A tak... postanowiłam sobie zrobić nowy program treningowy. Fakt, że wtedy nie wiem kiedy będę robić ćwiczenia z Callanetics... ale może zrobię sobie akurat wtedy kiedy mam dzień odpoczynku. W końcu to nie żadne skakanie ani nic takiego, tylko rozciąganie. Oprócz brzuszków mnie tam mało co męczy w sensie siłowym. Większość tego to filmiki Mel B, ale również Pump it up - taniec który podesłała mi przyjaciółka.

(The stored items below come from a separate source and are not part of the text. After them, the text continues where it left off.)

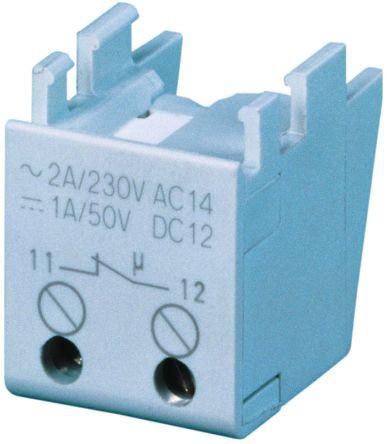 This is Auxiliary Contact NC 2 A 230 V ac 50 V dc manufactured by ABB. The manufacturer part number is 2CDS200970R0001. The integrated contact has 50 v dc, 230 v ac of voltage rating. The rated contact current is 2 a. It has sp pole and throw configuration. The normal state configuration includes nc. The product contains 1 contacts.
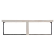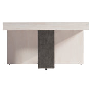 Architectural inspiration is evident in the Hoban cocktail table. Intersecting panels of wood in Weathered Bone finish form the top and center support, balanced on a frame of textured steel. The center panel fits into the top like the perfect puzzle piece.
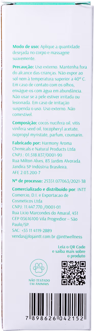 O Óleo Intt Wellness Velvet Skin possui componentes naturais que proporcionam suavidade, hidratação e luminosidade a pele. Seu aroma de coco desperta respostas fisiológicas com o intuito de melhorar a energia e o bem-estar físico e psicológico. Pode ser usado para hidratar, ressaltar o bronzeado, em massagens e momentos íntimos.
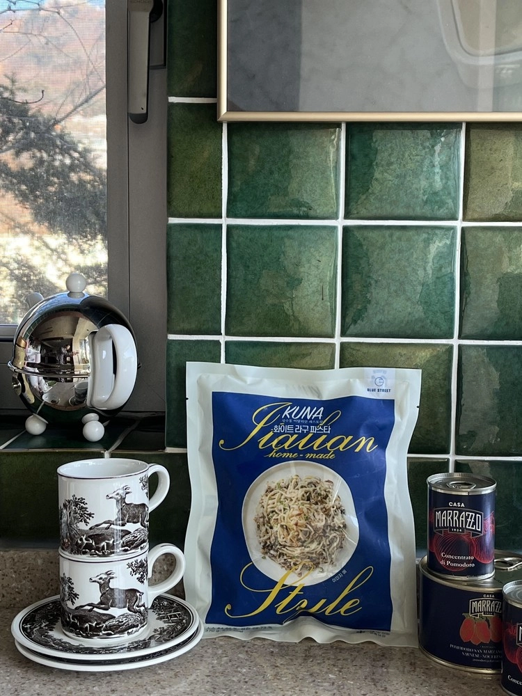 쿠나의 화이트라구는 치즈의 풍미가 가득한 크림 속에 소고기가 가득 들어 입안가득 묵직하게 채워지는 감칠맛과 입에 착착 감기는 꼬들한 생면의 밸런스가 너무 잘맞는, 크리미한 매력이 가득한 파스타 입니다. 많은 분들이 마지막의 어니언칩을 신의 한수라 일컫는 만큼 마지막에 어니언플레이크를 가득 뿌려 먹으면 바삭하고 개운한 맛이 그렇게나 잘 어울릴 수 없죠. 면을 삶는데 3분 조리하는데 2-3분 ,약 10분만 투자하면 이탈리아 할머니가 만들어 주신듯한 따뜻하고 다정한 가정식을 만나볼 수 있죠.
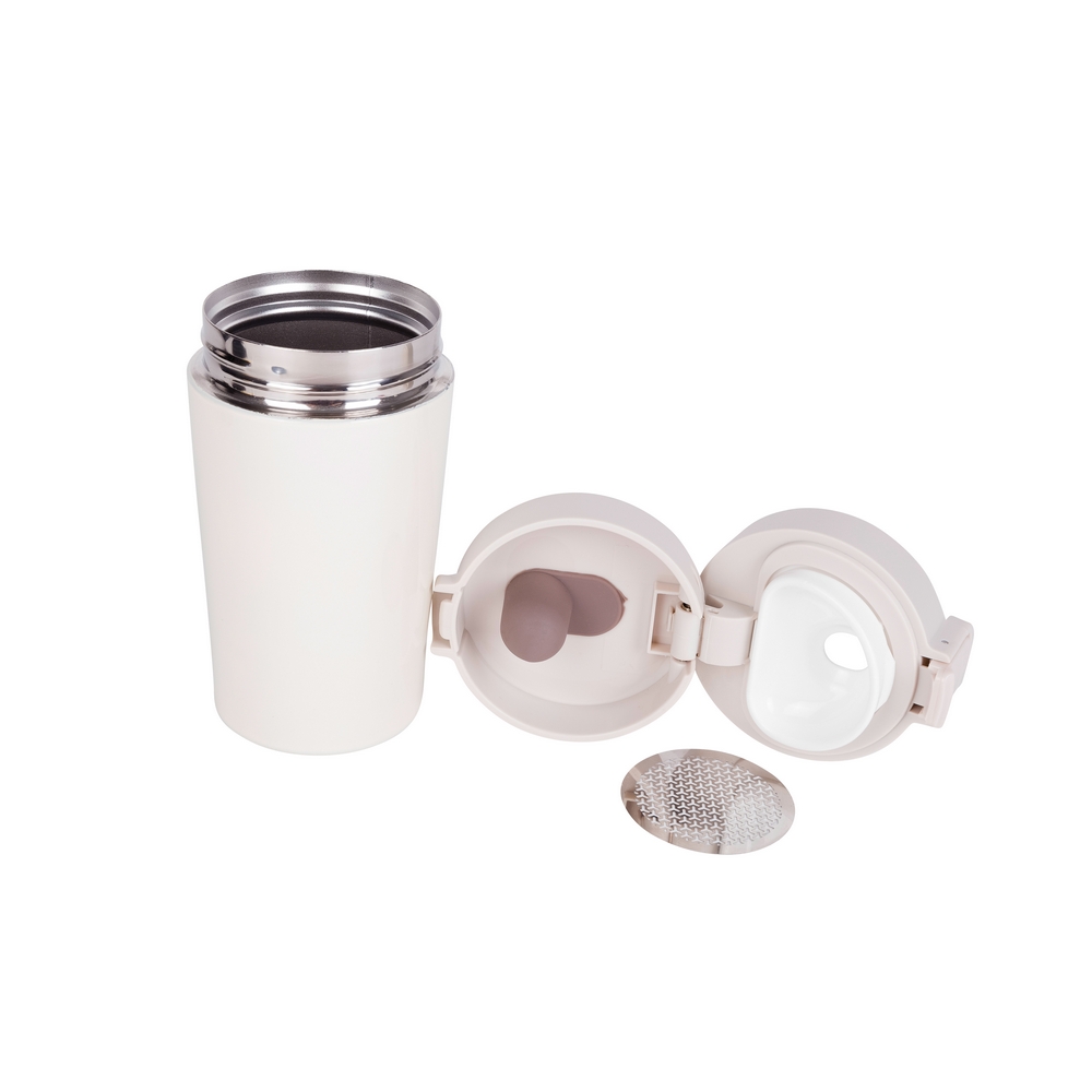 Термокружка 250 мл с ситом, закрывающим остатки, крышка с замком, двойная вакуумная стенка, нержавеющая сталь внутри и снаружи, простая в использовании система открытия / закрытия нажатием, подходит для работы одной рукой, шкала теплоизоляции: 3 + герметичность
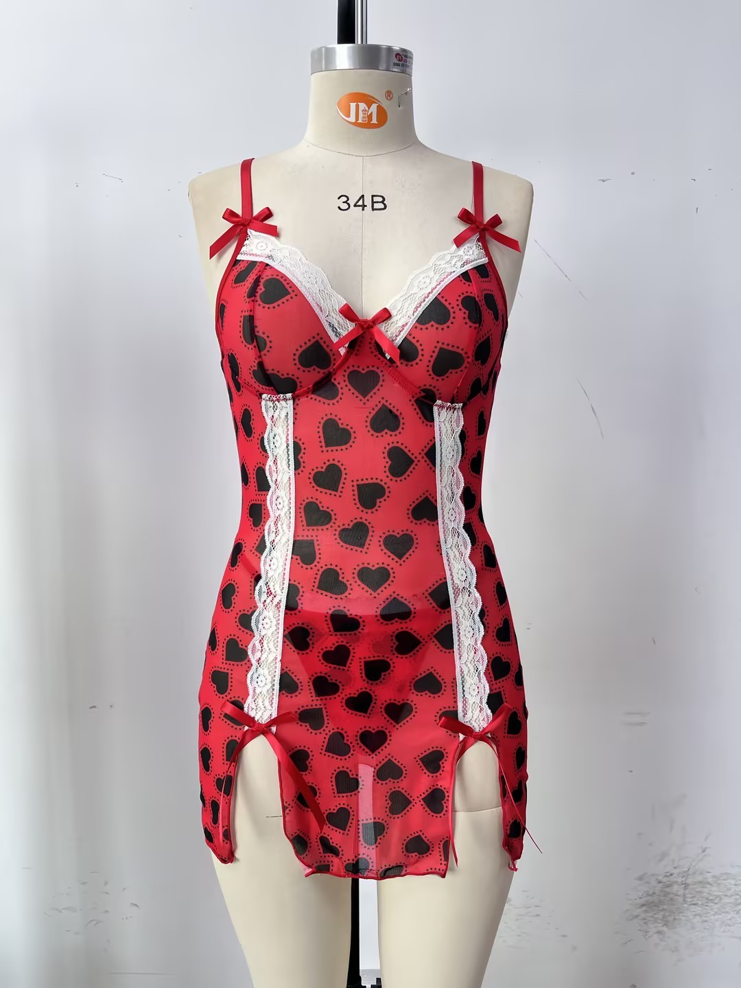 Women's Christmas Lingerie Nightgown Xmas Chemise Babydoll Side Slit Sleepdress
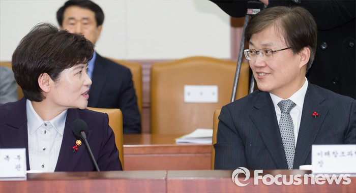 | △ 대화 나누는 강은희 장관-최양희 장관 |
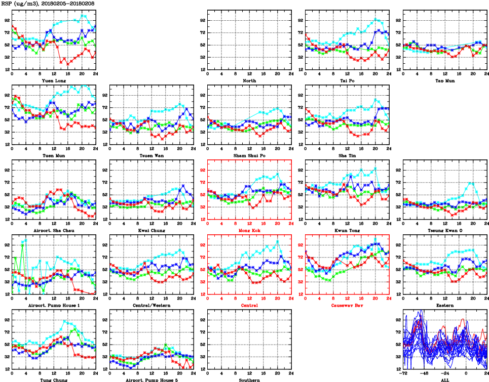 | Air Quality Data Time Series for RSP (2018/02/08) | ( Line colors: Day -3 Day -2 Day -1 Current day ) | 2D Map Current AQHI |

Przesyłam mój plan treningowy. Wiem, że dzisiaj jest już 07.05 ale nie mogłam wykonać ćwiczeń w 05.05, dlatego jest ten plan przesunięty o jeden dzień. Ale i tak wczorajszy dzień odbębniłam, dzisiaj mnie czeka kolejny. I mam nadzieje, że tak będzie. Czemu? A bo przez moje cudowne ( o ironio) kobiece dni, wylądowałam u mojego lekarza rodzinnego, gdzie dostałam zastrzyk przeciwbólowy w tyłek! Tak... tak mnie bolało, że słaniałam się na nogach, myślałam, że zemdleję, zwymiotuje, albo padnę jednocześnie. Dzień udany... zaliczony pierwszy zastrzyk w dolną część ciała. Teraz nie wiem co mnie boli bardziej... podbrzusze, czy tyłek XD. 

Powiem, szczerze, oglądając dzisiaj jeszcze The Biggest Loser.... chciałabym aby nade mną stała taka Jillian jeśli chodzi o jedzenie. By wrzeszczała motywowała mnie abym nie żarła... może jest gdzieś do ściągnięcia edytor głosu, nagram sobie jej głosem " Nie żryj! Zabierz swój tyłek z tego sklepu! Dalej darz radę, z tą pokusą", i bym słuchała tego na ipodzie za każdym razem jak będę miała ochotę na słodycze... to by było cudowne


P.S. Zdjęcie jest za duże, a jak niestety przeskaluje, to nie widać kompletnie ćwiczeń, dlatego będzie dodane jako osobne zdjęcie w galerii. 

  • Wiosna122

    Wiosna122

    7 maja 2014, 17:07

    powodzenia ;))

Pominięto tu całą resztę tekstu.